We still live in an international word populated by modern nation-states(2). The nation is one of the main legitimating principles of that type of actors. Thus, the true rulers are the citizens regrouped in different nations, represented by governments, as well as assemblies in the case of representative democracies. The state, i.e. the entity that seconds the ruler to govern, is, most often, a formal rational-legal bureaucracy (see our bibliography on the modern nation-state).

Meanwhile, traders and the corporate and financial sector have developed in a complex web of actors of all sizes and of varying power. They interact in various, sometimes very novel ways, with political actors. They are of the nation, but also sometimes part of a possibly new international order. In all cases, they are a major actor of polities.

Because rulers nowadays also include the Nation, and because the corporate actors are such an important actor, then, citizens and private and public companies have a duty to assume their role and to be aware of the changes the future may hold. This is true if they want to choose their representatives properly and thus to benefit from a functioning representative democracy. This is even truer if they want to move towards a degree of direct democracy. This is true in any case, if they want to remain in charge of their own destiny, without falling prey to many dangerous traps.

In any case, considering the way human beings tend to handle or mishandle power, all actors, if they want to avoid seeing predatory behaviours develop against them, would benefit from using foresight and warning, alongside other usual political processes.

To conclude, citizens and nations, as well as the corporate sector, on top of the typical state’s administration offices, need to use foresight and warning. This is necessary if they do not want to fall prey to the negative impacts of unforeseen political and geopolitical uncertainties. Companies need to fully integrate foresight within their business functions and process.

Finally, we must wonder about the rising use of AI and its specific predictions. What is and will be the impact on societies? Can we allow “predictions” to become a black-box commodity? To which point? For which domains and issues? Which actors should we trust and why? How to hold them accountable? What must be the role of human beings? How can different actors handle these questions?

The future role and place of citizens and national and international, small and large companies in a world where AI exists, where transition is at work, and where a quickly rising and expanding China favours AI-managed social credit systems (e.g. Adam Minter, “Why Big Brother Doesn’t Bother Most Chinese“, Bloomberg, 24 January 2019) are vital and key questions for each and everyone of us.

The philosophy behind The Red (Team) Analysis Society is to help meet the need for foresight and warning and to contribute, alongside likeminded actors, to answer the new crucial questions we face.


Notes and references

(1)Note, though, that polities may succeed or not into evolving towards a more complex and better adapted form.
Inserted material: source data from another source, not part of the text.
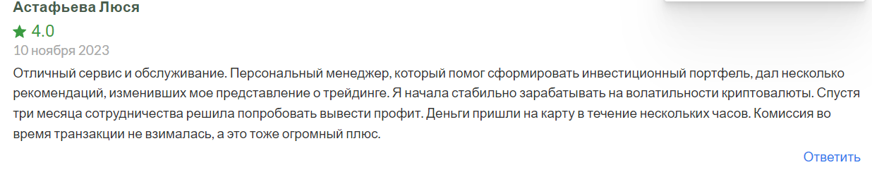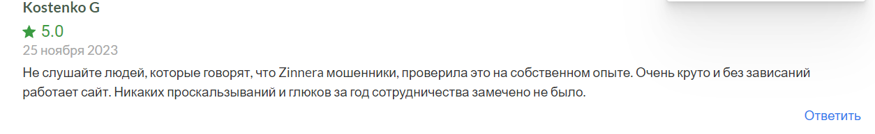 Отзывы о брокере Zinnera также вдохновляют уверенность. Реальные клиенты в интернете выражают удовлетворение от партнерства с ней и настоятельно рекомендуют регистрироваться здесь всем, кто стремится успешно и комфортно торговать на финансовых рынках.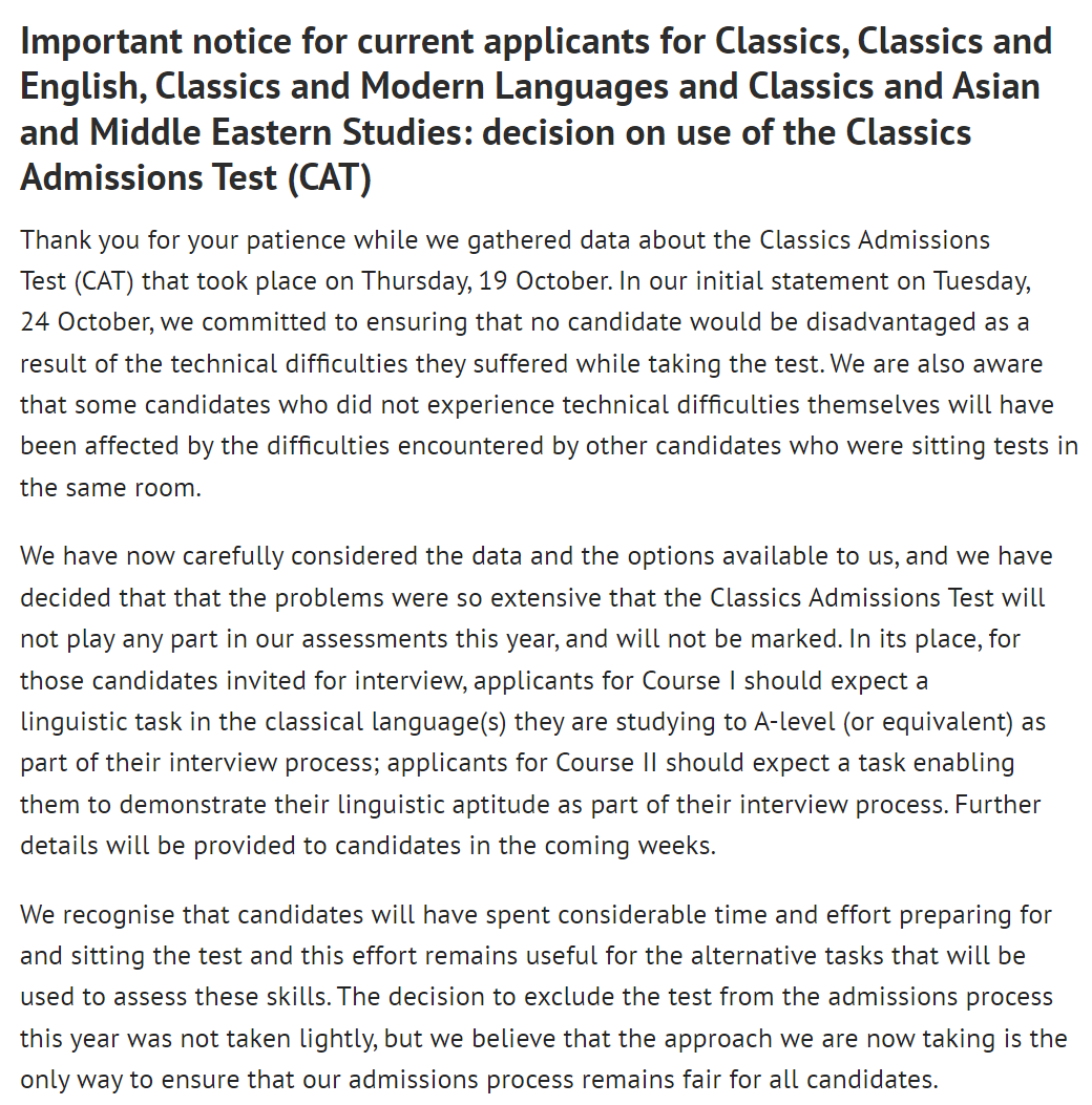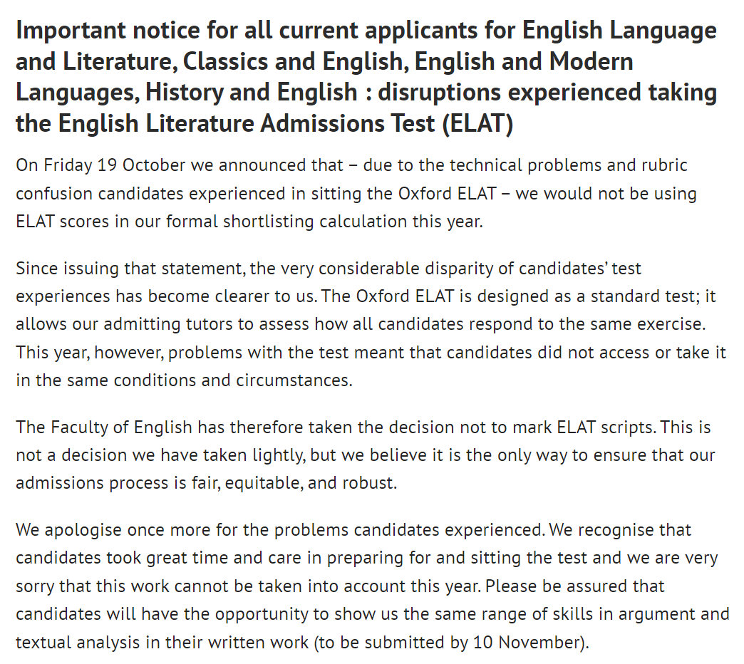 “10月19日星期五,ELAT官方宣布,由于参加牛津大学ELAT考试的考生遇到技术问题和题目混淆,今年将不会在正式的面试候选名单计算中使用ELAT成绩。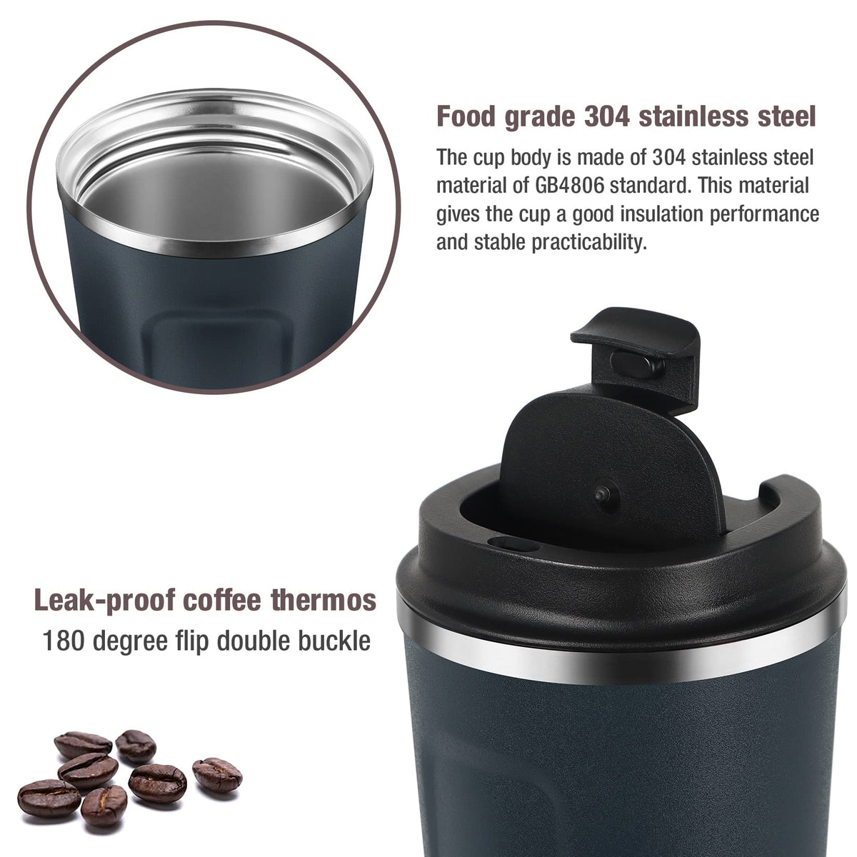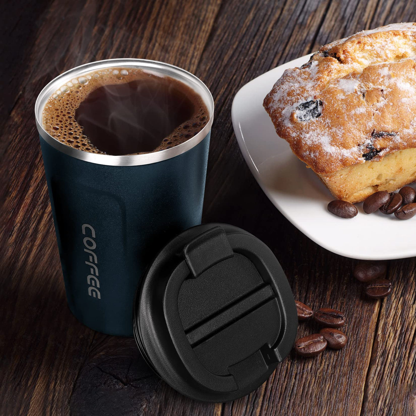 12Oz (380Ml) Vacuum Insulated Travel Mug, Smilatte Leakproof Double Wall Stainless Steel Reusable Coffee Cup With Lid For Hot &
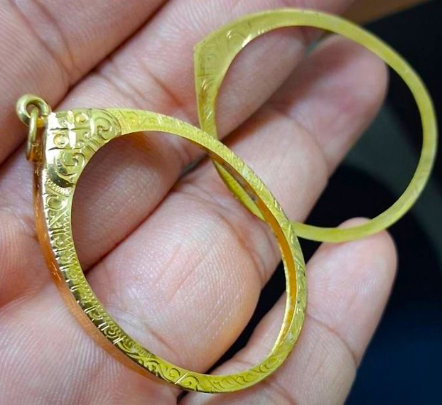 กรอบทองมือสอง ใส่เหรียญเจริญพรหลวงพ่อคูณ , เหรียญเจริญพร+นาคปรกหลวงปู่ทิม และเหรียญรูปไข่ทั่วไปที่ไกล้เคียง หน้าจอกว้าง 2.60 ซม., สูง 3.35 ซม. น้ำหนัก 1.73 กรัม เคาะเดียว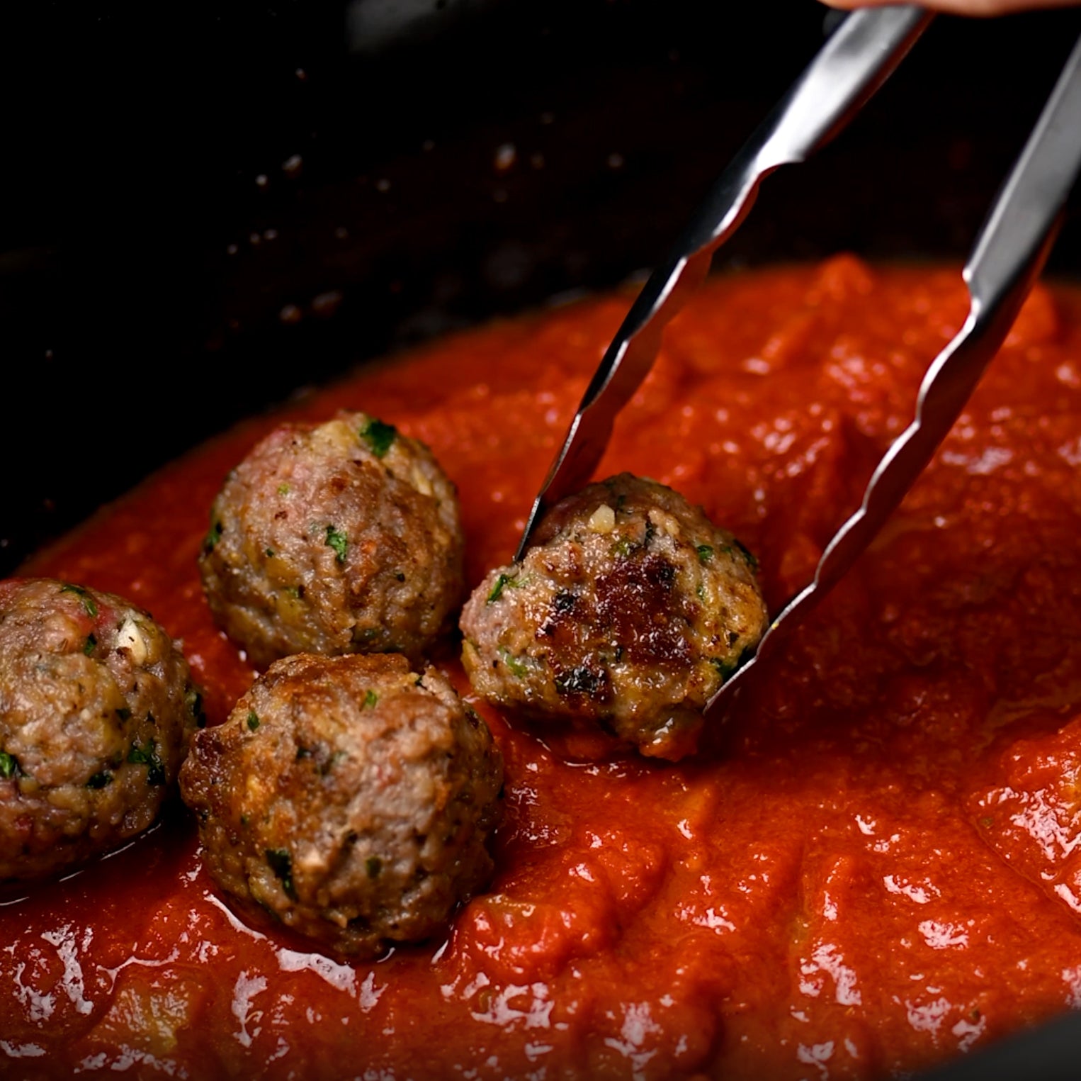 - Heat a tablespoon of Bionaturae Extra Virgin Olive Oil in a skillet. Brown meatballs on all sides, 5–6 minutes. They don’t need to cook through, just a golden crust for flavor.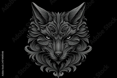 Obraz premium Ornate wolf head, dark background, intricate floral design.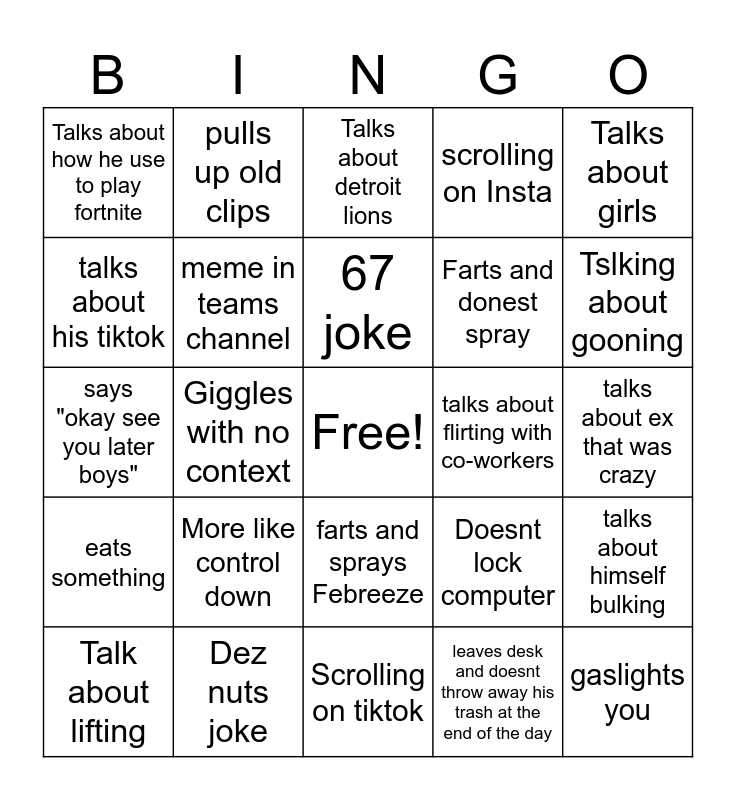 This bingo card has a free space and 24 words: More like control down, Dez nuts joke, 67 joke, Talk about lifting, Talks about girls, Talks about how he use to play fortnite, talks about his tiktok, pulls up old clips, talks about flirting with co-workers, farts and sprays Febreeze, Farts and donest spray, says "okay see you later boys", Doesnt lock computer, talks about himself bulking, meme in teams channel, leaves desk and doesnt throw away his trash at the end of the day, talks about ex that was crazy, Talks about detroit lions, Tslking about gooning, Giggles with no context, gaslights you, eats something, scrolling on Insta and Scrolling on tiktok.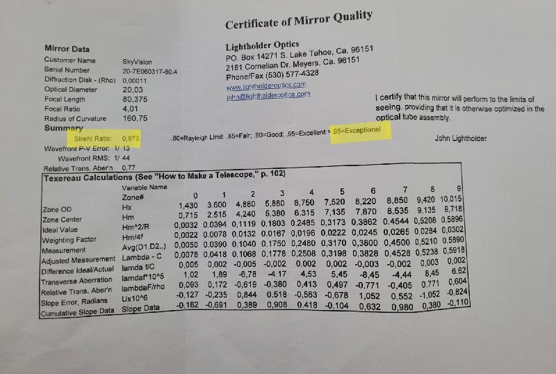 - Miroir Principal LightHolder : L'optique présente un Strehl ratio mesuré de 0,979 (rapport de test fourni). Ce niveau de performance garantit des images fines et contrastées.

For example, Thomas Ertman has documented in its masterful work the difficulties faced by the European polities to reinvent a long-lasting type of system following the fall of the Roman Empire (Birth of the Leviathan: Building States and Regimes in Medieval and Early Modern Europe, Cambridge, UK ; New York: Cambridge University Press, 1997). Meanwhile, Jared Diamonds has documented the collapse of some societies (Collapse: How Societies Choose to Fail or Succeed, Penguin Books, 2011; for open access reviews, Wikipedia summary; Gregg Easterbrook, “‘Collapse’: How the World Ends“, The New York Times, 30, January 2005). Foresight could be one way to enhance the odds to create successful new types of polities.

(2)We use the end of the twentieth century as reference, even though it is already past, because of the difficulty human beings have to see their conceptual models evolving (Anderson, Pepper & Ross, “Perseverance of Social Theories: The Role of Explanation
in the Persistence of Discredited Information
, Journal of Personality and Social Psychology, 1980, Vol. 39, No.6, 1037-1049). Thus, we hypothesise here that, in general, we perceive the world as it was and not as it is, and even less as it will be (the whole purpose of foresight being, actually, to help us overcoming these shortcomings).